Retirement Edging in? It’s Not too Late to Catch Up

Late to saving? VXC gives cheap, global diversification so your TFSA can compound growth and help you catch up.

| More on:
Key Points
  • It’s never too late, consistent contributions and smarter saving can still build a solid retirement fund.
  • VXC delivers instant exposure to 13,000+ global stocks with a low 0.22% MER for long-term growth.
  • Use tax-sheltered accounts like a TFSA and reinvest dividends to accelerate compounding and reduce taxes.

It’s easy to feel like you’ve missed your window for building retirement savings, especially when you see others who started investing decades ago. But the truth is, it’s never too late to catch up. The power of compounding, combined with smarter saving strategies, means even a late start can still lead to financial independence. Let’s get into how.
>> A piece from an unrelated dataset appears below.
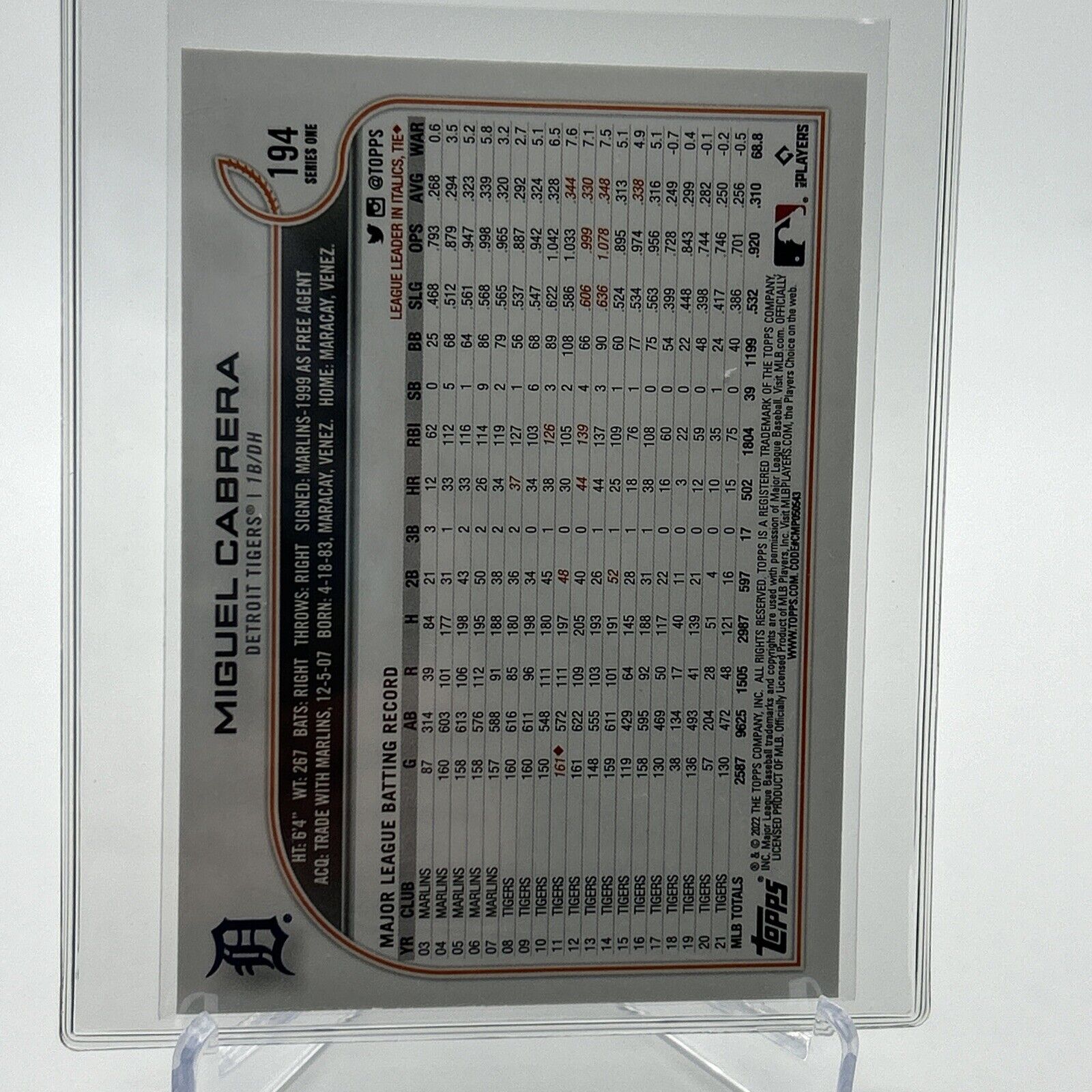 2022 Topps Miguel Cabrera Baseball Card #194 Mint FREE SHIPPING

ETFs can contain investments such as stocks

Source: Getty Images

Getting started, even now

First, stay focused. If you’re in your 40s or 50s, you’re likely earning more than you did in your 20s or 30s, and that higher income gives you the chance to make meaningful contributions. Tools like the Tax-Free Savings Account (TFSA) and Registered Retirement Savings Plan (RRSP) can supercharge those savings. Even small, consistent deposits can add up fast in these accounts when left to compound.

What’s more, today’s retirees are living longer and working differently. Retirement isn’t necessarily a hard stop at 65. Many Canadians are working part-time, consulting, or starting side businesses into their 60s and beyond. And for those who are looking at a hard stop, there are options. Downsizing or simplifying your lifestyle can free up more money for investing. Furthermore, you now have better tools and lower fees through online brokerages and robo-advisors, which help your money work harder with less effort.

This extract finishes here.